Sunday, February 10, 2008

Inversion of Control and Dependency Injection for dummies

I'm a dummy.

I've been hearing about IoC and DI for several years, but every time I tried to figure out what they were the explanation was either too complicated or so trivial it didn't make sense (i.e. what is it good for?)

Now I understand. Thanks, Simone! Even more accessible than Martin Fowler's explanation, and that's saying a lot!

Here's the way I get it:

I. IoC happens when you use code that calls your code, such as whenever you use any framework. That means it's just a buzzword to fling at friends, but a really cool one. (Why do people insist on giving cool names to simple techniques? Oh well, Eddie Bravo does it too.)

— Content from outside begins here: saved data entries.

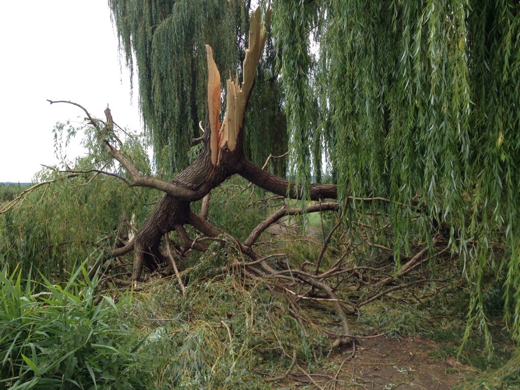 Jörn war heute auf unseren Grundstücken in Freinsheim und was er dort vorgefunden hat, ist nicht schön. Der Sturm hat erhebliche Schäden angerichtet, wie man auf den Bildern von Jörn deutlich sehen kann. Die Weide steht glücklicherweise nicht auf unserem Grundstück, sondern bei unserem Nachbarn. Da steht der nächste Arbeitseinsatz bevor und nicht wie geplant die Ernte, sondern erst einmal das aufräumen.
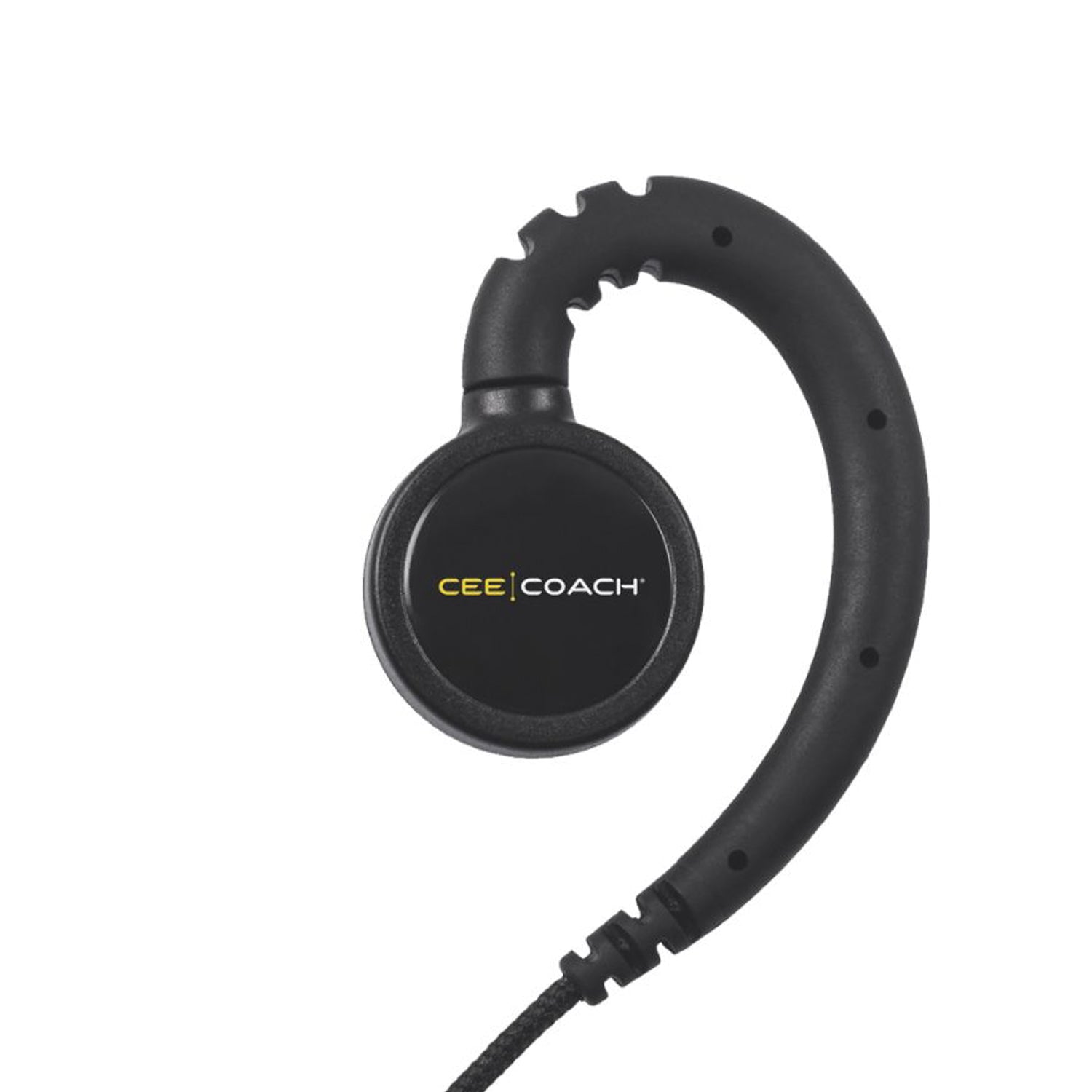 This CEECOACH® Mono Over-Ear Headset works in one ear. Wired. Works with all CEECOACH models, such as CEECOACH 2 and CEECOACH Plus.
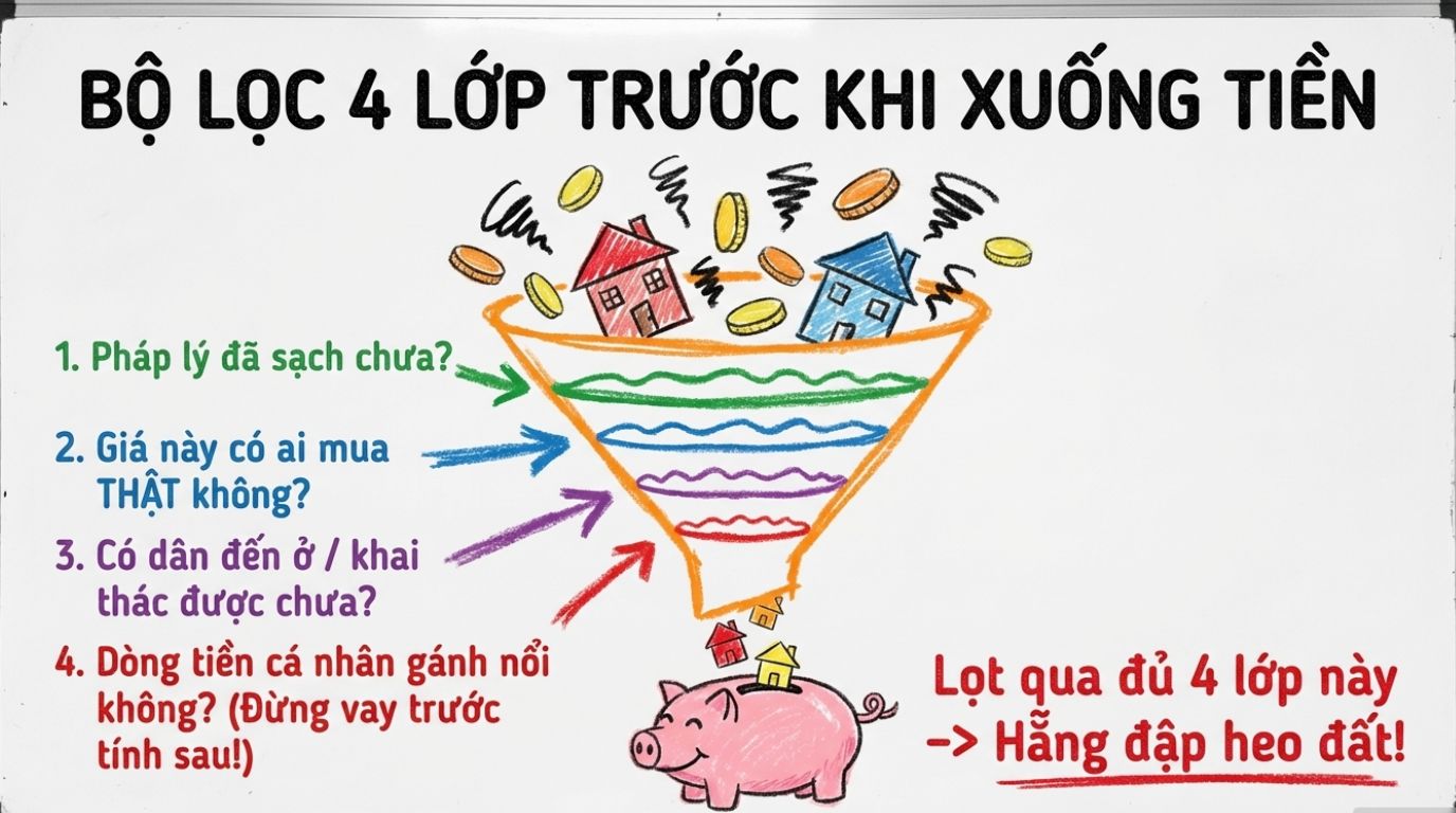 Một báo cáo địa phương gửi Bộ Xây dựng đầu năm 2026 cho thấy giao dịch tăng nhưng chủ yếu tập trung vào các dự án có hạ tầng tốt, hồ sơ pháp lý đầy đủ, rõ ràng. Đây là chi tiết rất quan trọng: cầu thật không mua mọi thứ, mà chọn rất kỹ. Nếu một khu vực tăng giá đồng loạt nhưng người mua thực chỉ đổ vào số ít sản phẩm đã hoàn thiện pháp lý và hạ tầng, phần còn lại rất dễ là giá kỳ vọng nhiều hơn giá trị sử dụng. Đó cũng là cách Phân biệt giá trị thật và giá ảo trong thực tế.
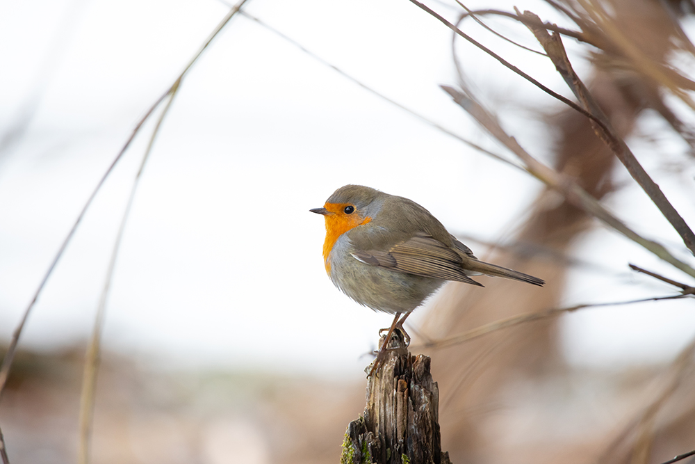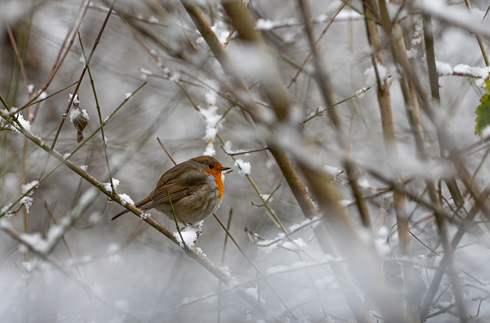Für mich hat das Ried zu jeder Jahreszeit einen besonderen Reiz. Jetzt im Winter, wenn man sich die Zeit nimmt in die weiße Stille einzutauchen und zu beobachten, findet man immer etwas Sehenswertes. Sagt zumindest das freche Rotkehlchen.

II. You often program against interfaces instead of specific implementations.

interface Foo { ... }
interface Bar { ... }
class Alpha : implements Foo { ... }
class Beta : implements Bar { ... }
class Charlie {
  Charlie(Foo foo, Bar bar) { ... }
}

Charlie c = new Charlie(new Alpha(), new Beta())
DI happens when instead of choosing the concrete classes yourself you let a repository, called a "container", handle it for you.
// register implementations for Foo and Bar (could
// be done in a config file)
container.register(Foo, Alpha)
container.register(Bar, Beta)

// Create a Charlie - the container detects it
// needs Foo and Bar implementers for the constructor
// and chooses Alpha and Beta
Charlie c = container.createInstance<charlie>()

When I needed to interchange different implementations I used to write it by hand, but no more - these containers are much better! Since they're general and easy to use, I have a feeling I'll be using them in cases I didn't bother with before.